*** Data for processing ***

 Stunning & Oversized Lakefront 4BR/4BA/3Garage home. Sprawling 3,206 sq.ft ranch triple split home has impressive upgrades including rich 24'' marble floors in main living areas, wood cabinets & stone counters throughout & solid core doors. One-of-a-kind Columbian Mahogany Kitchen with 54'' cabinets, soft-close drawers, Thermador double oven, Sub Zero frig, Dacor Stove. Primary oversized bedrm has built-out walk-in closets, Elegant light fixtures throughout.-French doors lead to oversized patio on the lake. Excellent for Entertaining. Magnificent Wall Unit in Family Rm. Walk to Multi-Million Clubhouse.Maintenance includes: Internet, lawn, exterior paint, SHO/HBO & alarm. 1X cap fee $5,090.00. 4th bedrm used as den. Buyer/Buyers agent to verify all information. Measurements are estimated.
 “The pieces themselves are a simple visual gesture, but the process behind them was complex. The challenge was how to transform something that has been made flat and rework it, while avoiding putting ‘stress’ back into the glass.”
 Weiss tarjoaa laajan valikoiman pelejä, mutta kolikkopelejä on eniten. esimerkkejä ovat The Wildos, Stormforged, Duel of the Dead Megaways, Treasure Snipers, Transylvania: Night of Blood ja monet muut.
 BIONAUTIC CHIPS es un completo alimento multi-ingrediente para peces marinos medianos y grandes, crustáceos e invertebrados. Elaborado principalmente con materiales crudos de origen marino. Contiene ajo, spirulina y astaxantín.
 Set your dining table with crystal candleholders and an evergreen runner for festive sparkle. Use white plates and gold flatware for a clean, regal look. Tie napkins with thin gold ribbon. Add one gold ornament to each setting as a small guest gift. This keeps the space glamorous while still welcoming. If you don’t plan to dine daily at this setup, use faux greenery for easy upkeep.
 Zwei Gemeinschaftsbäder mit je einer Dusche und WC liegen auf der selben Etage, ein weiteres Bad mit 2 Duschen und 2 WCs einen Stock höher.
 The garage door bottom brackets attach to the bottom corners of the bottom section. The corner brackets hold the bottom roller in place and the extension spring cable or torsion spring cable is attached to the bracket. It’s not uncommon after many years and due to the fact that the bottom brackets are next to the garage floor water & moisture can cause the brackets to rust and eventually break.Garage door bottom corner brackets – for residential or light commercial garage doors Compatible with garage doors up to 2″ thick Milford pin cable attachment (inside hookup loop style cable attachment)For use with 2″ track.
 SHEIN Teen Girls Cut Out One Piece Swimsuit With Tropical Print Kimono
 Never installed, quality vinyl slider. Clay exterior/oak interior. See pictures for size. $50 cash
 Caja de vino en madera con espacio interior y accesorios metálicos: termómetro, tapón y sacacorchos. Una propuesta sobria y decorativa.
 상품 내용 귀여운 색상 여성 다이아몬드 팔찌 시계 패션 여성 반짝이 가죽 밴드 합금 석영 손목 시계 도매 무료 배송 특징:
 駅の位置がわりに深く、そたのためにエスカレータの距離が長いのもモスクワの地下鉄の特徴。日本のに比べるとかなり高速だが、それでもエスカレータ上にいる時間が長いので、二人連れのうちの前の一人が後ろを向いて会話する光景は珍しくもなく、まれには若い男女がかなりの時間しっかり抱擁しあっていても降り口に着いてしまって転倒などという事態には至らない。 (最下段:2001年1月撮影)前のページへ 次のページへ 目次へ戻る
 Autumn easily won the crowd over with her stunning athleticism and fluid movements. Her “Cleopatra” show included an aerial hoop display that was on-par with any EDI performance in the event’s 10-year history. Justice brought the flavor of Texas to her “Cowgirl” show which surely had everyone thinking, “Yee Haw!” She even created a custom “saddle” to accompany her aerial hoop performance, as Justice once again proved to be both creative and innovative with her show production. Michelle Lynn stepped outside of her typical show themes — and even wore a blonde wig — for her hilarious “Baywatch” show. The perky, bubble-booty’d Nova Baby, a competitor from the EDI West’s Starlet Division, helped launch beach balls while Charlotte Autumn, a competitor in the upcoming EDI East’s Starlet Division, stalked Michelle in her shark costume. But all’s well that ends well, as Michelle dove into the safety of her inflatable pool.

*** End of Data for processing ***

* _Work item_:
Return the records given above in their entirety, word for word.

* _Completed exercise_:
 Stunning & Oversized Lakefront 4BR/4BA/3Garage home. Sprawling 3,206 sq.ft ranch triple split home has impressive upgrades including rich 24'' marble floors in main living areas, wood cabinets & stone counters throughout & solid core doors. One-of-a-kind Columbian Mahogany Kitchen with 54'' cabinets, soft-close drawers, Thermador double oven, Sub Zero frig, Dacor Stove. Primary oversized bedrm has built-out walk-in closets, Elegant light fixtures throughout.-French doors lead to oversized patio on the lake. Excellent for Entertaining. Magnificent Wall Unit in Family Rm. Walk to Multi-Million Clubhouse.Maintenance includes: Internet, lawn, exterior paint, SHO/HBO & alarm. 1X cap fee $5,090.00. 4th bedrm used as den. Buyer/Buyers agent to verify all information. Measurements are estimated.
 “The pieces themselves are a simple visual gesture, but the process behind them was complex. The challenge was how to transform something that has been made flat and rework it, while avoiding putting ‘stress’ back into the glass.”
 Weiss tarjoaa laajan valikoiman pelejä, mutta kolikkopelejä on eniten. esimerkkejä ovat The Wildos, Stormforged, Duel of the Dead Megaways, Treasure Snipers, Transylvania: Night of Blood ja monet muut.
 BIONAUTIC CHIPS es un completo alimento multi-ingrediente para peces marinos medianos y grandes, crustáceos e invertebrados. Elaborado principalmente con materiales crudos de origen marino. Contiene ajo, spirulina y astaxantín.
 Set your dining table with crystal candleholders and an evergreen runner for festive sparkle. Use white plates and gold flatware for a clean, regal look. Tie napkins with thin gold ribbon. Add one gold ornament to each setting as a small guest gift. This keeps the space glamorous while still welcoming. If you don’t plan to dine daily at this setup, use faux greenery for easy upkeep.
 Zwei Gemeinschaftsbäder mit je einer Dusche und WC liegen auf der selben Etage, ein weiteres Bad mit 2 Duschen und 2 WCs einen Stock höher.
 The garage door bottom brackets attach to the bottom corners of the bottom section. The corner brackets hold the bottom roller in place and the extension spring cable or torsion spring cable is attached to the bracket. It’s not uncommon after many years and due to the fact that the bottom brackets are next to the garage floor water & moisture can cause the brackets to rust and eventually break.Garage door bottom corner brackets – for residential or light commercial garage doors Compatible with garage doors up to 2″ thick Milford pin cable attachment (inside hookup loop style cable attachment)For use with 2″ track.
 SHEIN Teen Girls Cut Out One Piece Swimsuit With Tropical Print Kimono
 Never installed, quality vinyl slider. Clay exterior/oak interior. See pictures for size. $50 cash
 Caja de vino en madera con espacio interior y accesorios metálicos: termómetro, tapón y sacacorchos. Una propuesta sobria y decorativa.
 상품 내용 귀여운 색상 여성 다이아몬드 팔찌 시계 패션 여성 반짝이 가죽 밴드 합금 석영 손목 시계 도매 무료 배송 특징:
 駅の位置がわりに深く、そたのためにエスカレータの距離が長いのもモスクワの地下鉄の特徴。日本のに比べるとかなり高速だが、それでもエスカレータ上にいる時間が長いので、二人連れのうちの前の一人が後ろを向いて会話する光景は珍しくもなく、まれには若い男女がかなりの時間しっかり抱擁しあっていても降り口に着いてしまって転倒などという事態には至らない。 (最下段:2001年1月撮影)前のページへ 次のページへ 目次へ戻る
 Autumn easily won the crowd over with her stunning athleticism and fluid movements. Her “Cleopatra” show included an aerial hoop display that was on-par with any EDI performance in the event’s 10-year history. Justice brought the flavor of Texas to her “Cowgirl” show which surely had everyone thinking, “Yee Haw!” She even created a custom “saddle” to accompany her aerial hoop performance, as Justice once again proved to be both creative and innovative with her show production. Michelle Lynn stepped outside of her typical show themes — and even wore a blonde wig — for her hilarious “Baywatch” show. The perky, bubble-booty’d Nova Baby, a competitor from the EDI West’s Starlet Division, helped launch beach balls while Charlotte Autumn, a competitor in the upcoming EDI East’s Starlet Division, stalked Michelle in her shark costume. But all’s well that ends well, as Michelle dove into the safety of her inflatable pool.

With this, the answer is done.